<<<<

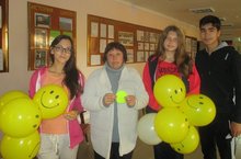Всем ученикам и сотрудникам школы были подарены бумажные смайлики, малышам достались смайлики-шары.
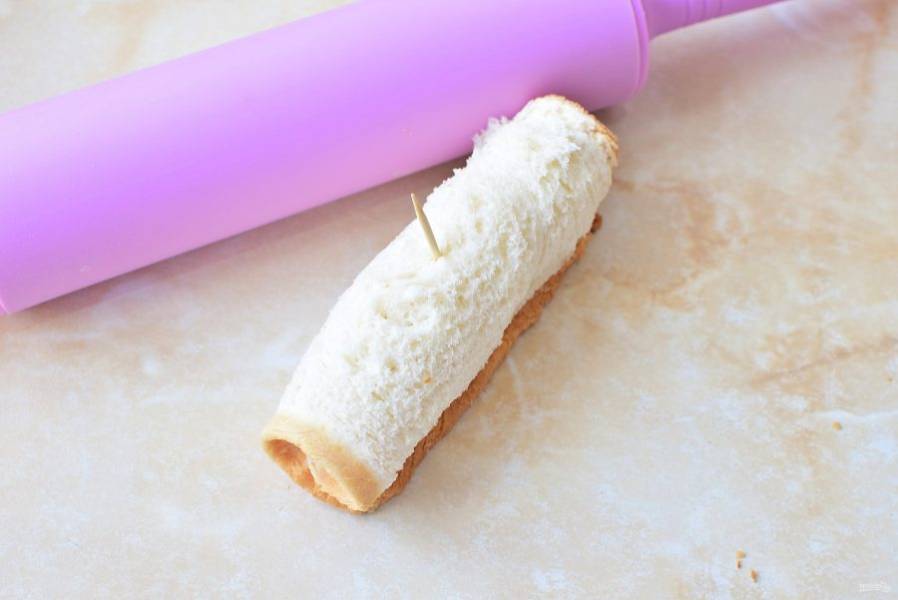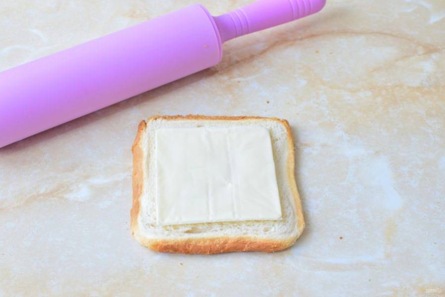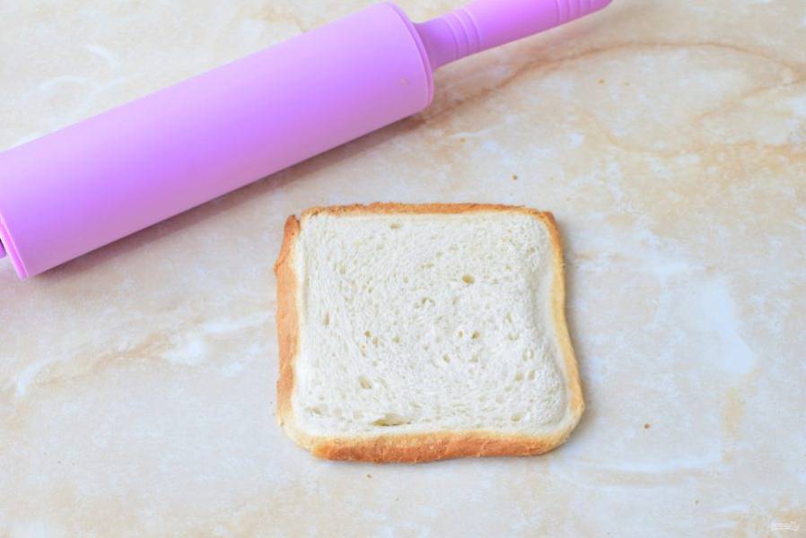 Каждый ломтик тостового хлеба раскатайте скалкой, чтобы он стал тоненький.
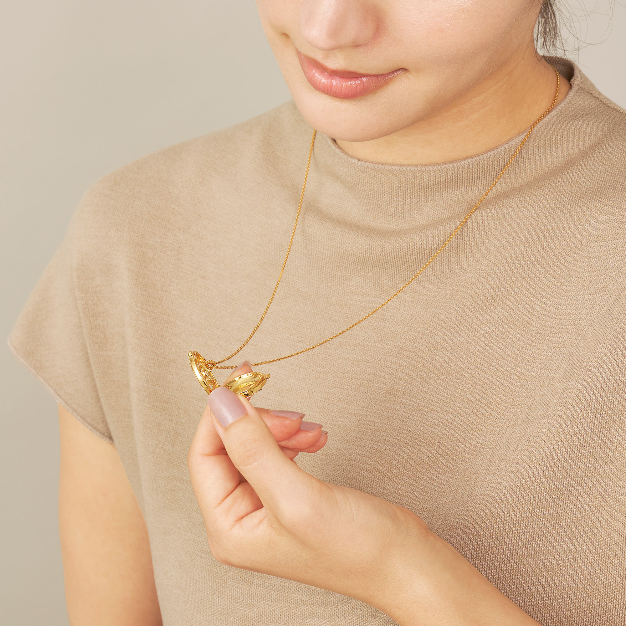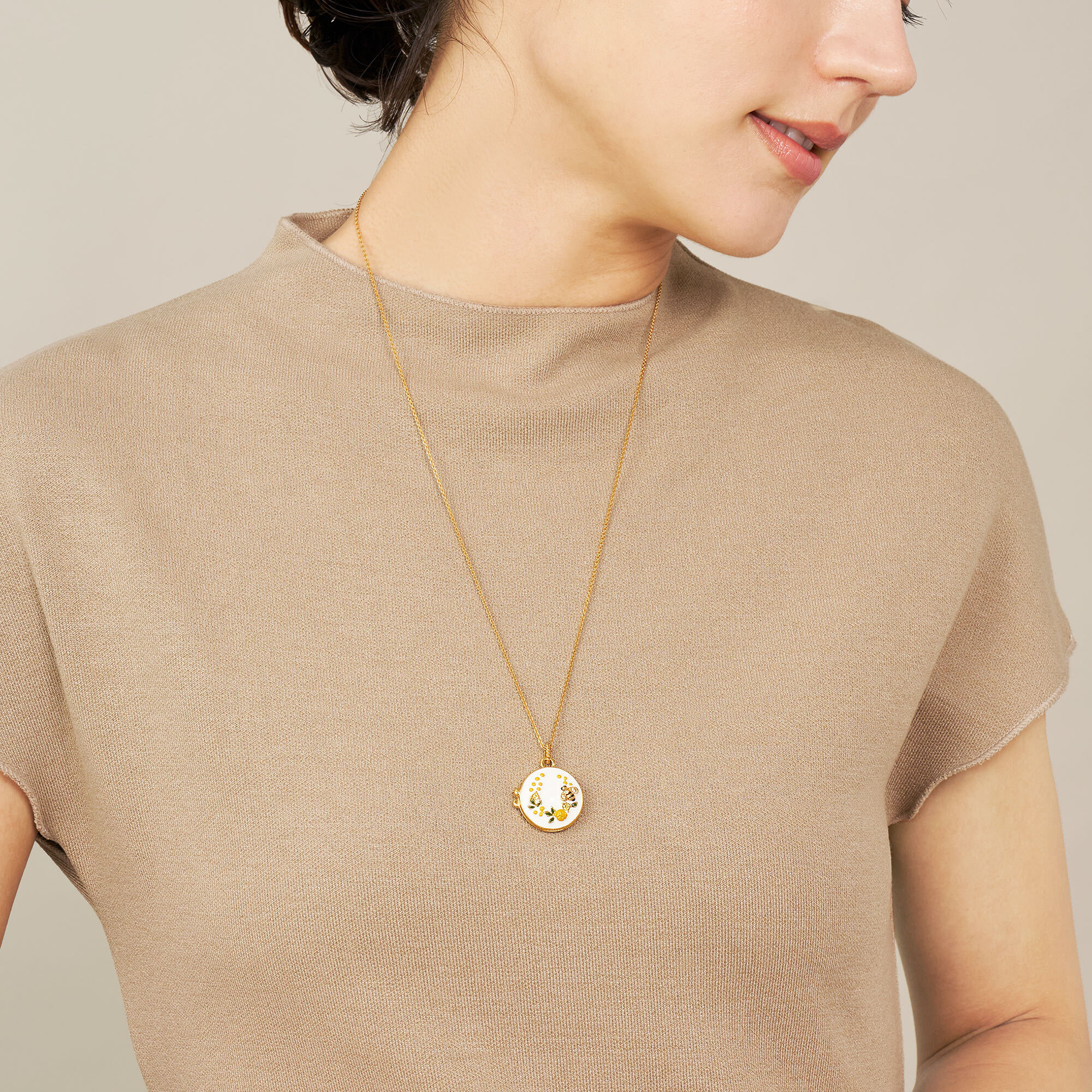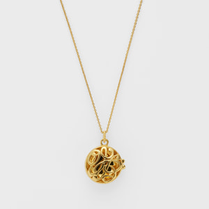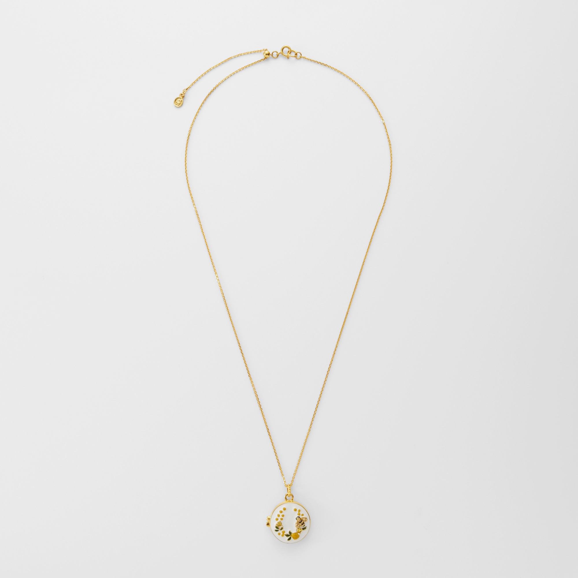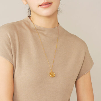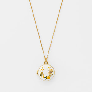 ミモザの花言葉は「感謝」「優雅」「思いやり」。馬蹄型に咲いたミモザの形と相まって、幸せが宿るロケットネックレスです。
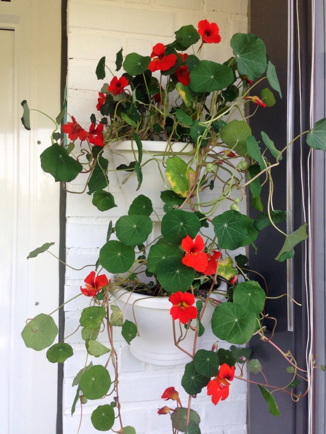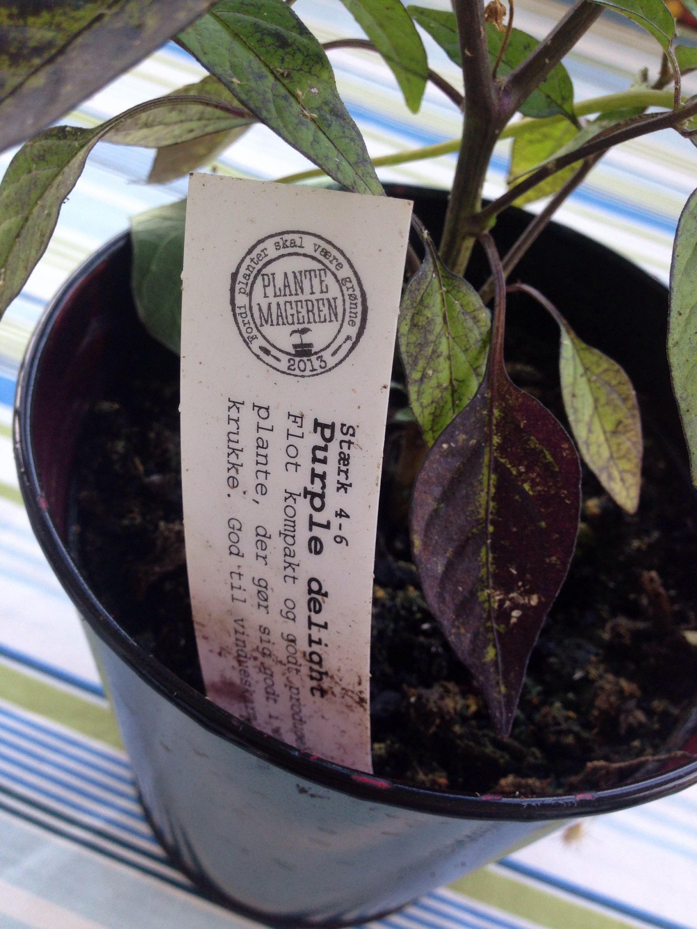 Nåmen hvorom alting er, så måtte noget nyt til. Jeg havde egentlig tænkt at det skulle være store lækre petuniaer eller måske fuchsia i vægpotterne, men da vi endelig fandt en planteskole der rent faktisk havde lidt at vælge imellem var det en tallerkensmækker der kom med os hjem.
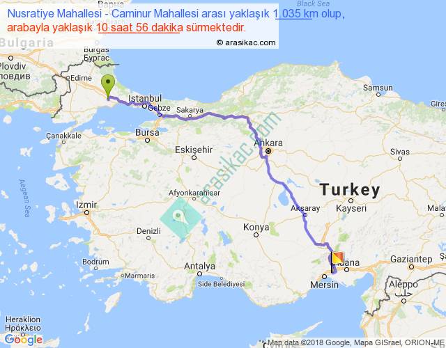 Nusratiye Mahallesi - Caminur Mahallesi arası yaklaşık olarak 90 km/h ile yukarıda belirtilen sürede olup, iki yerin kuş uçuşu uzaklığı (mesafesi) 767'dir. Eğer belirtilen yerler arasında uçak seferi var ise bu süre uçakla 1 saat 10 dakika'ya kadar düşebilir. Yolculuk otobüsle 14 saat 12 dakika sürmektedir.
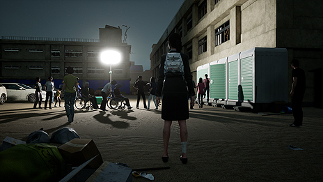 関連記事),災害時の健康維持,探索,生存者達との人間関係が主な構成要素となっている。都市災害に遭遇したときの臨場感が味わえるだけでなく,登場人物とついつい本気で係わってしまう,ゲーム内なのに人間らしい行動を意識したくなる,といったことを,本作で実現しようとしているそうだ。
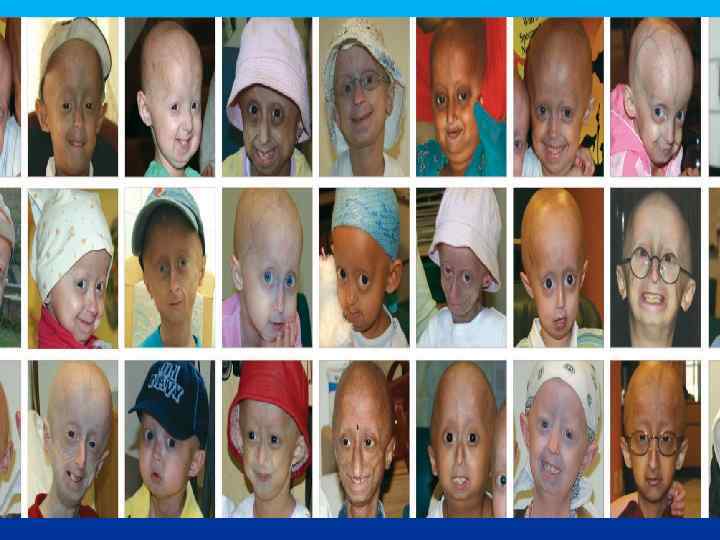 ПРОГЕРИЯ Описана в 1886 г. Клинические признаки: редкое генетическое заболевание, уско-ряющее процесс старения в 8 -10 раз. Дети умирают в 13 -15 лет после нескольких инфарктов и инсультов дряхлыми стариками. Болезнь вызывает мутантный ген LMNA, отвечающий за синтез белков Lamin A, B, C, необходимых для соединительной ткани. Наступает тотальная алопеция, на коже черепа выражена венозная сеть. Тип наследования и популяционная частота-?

>>>>

WORK TASK:
With all pictures left out, please transcribe exactly the lines from the start of the material through the line with "Nusratiye Mahallesi - Caminur".

TASK RESPONSE:
Всем ученикам и сотрудникам школы были подарены бумажные смайлики, малышам достались смайлики-шары.
 Каждый ломтик тостового хлеба раскатайте скалкой, чтобы он стал тоненький.
 ミモザの花言葉は「感謝」「優雅」「思いやり」。馬蹄型に咲いたミモザの形と相まって、幸せが宿るロケットネックレスです。
 Nåmen hvorom alting er, så måtte noget nyt til. Jeg havde egentlig tænkt at det skulle være store lækre petuniaer eller måske fuchsia i vægpotterne, men da vi endelig fandt en planteskole der rent faktisk havde lidt at vælge imellem var det en tallerkensmækker der kom med os hjem.
 Nusratiye Mahallesi - Caminur Mahallesi arası yaklaşık olarak 90 km/h ile yukarıda belirtilen sürede olup, iki yerin kuş uçuşu uzaklığı (mesafesi) 767'dir. Eğer belirtilen yerler arasında uçak seferi var ise bu süre uçakla 1 saat 10 dakika'ya kadar düşebilir. Yolculuk otobüsle 14 saat 12 dakika sürmektedir.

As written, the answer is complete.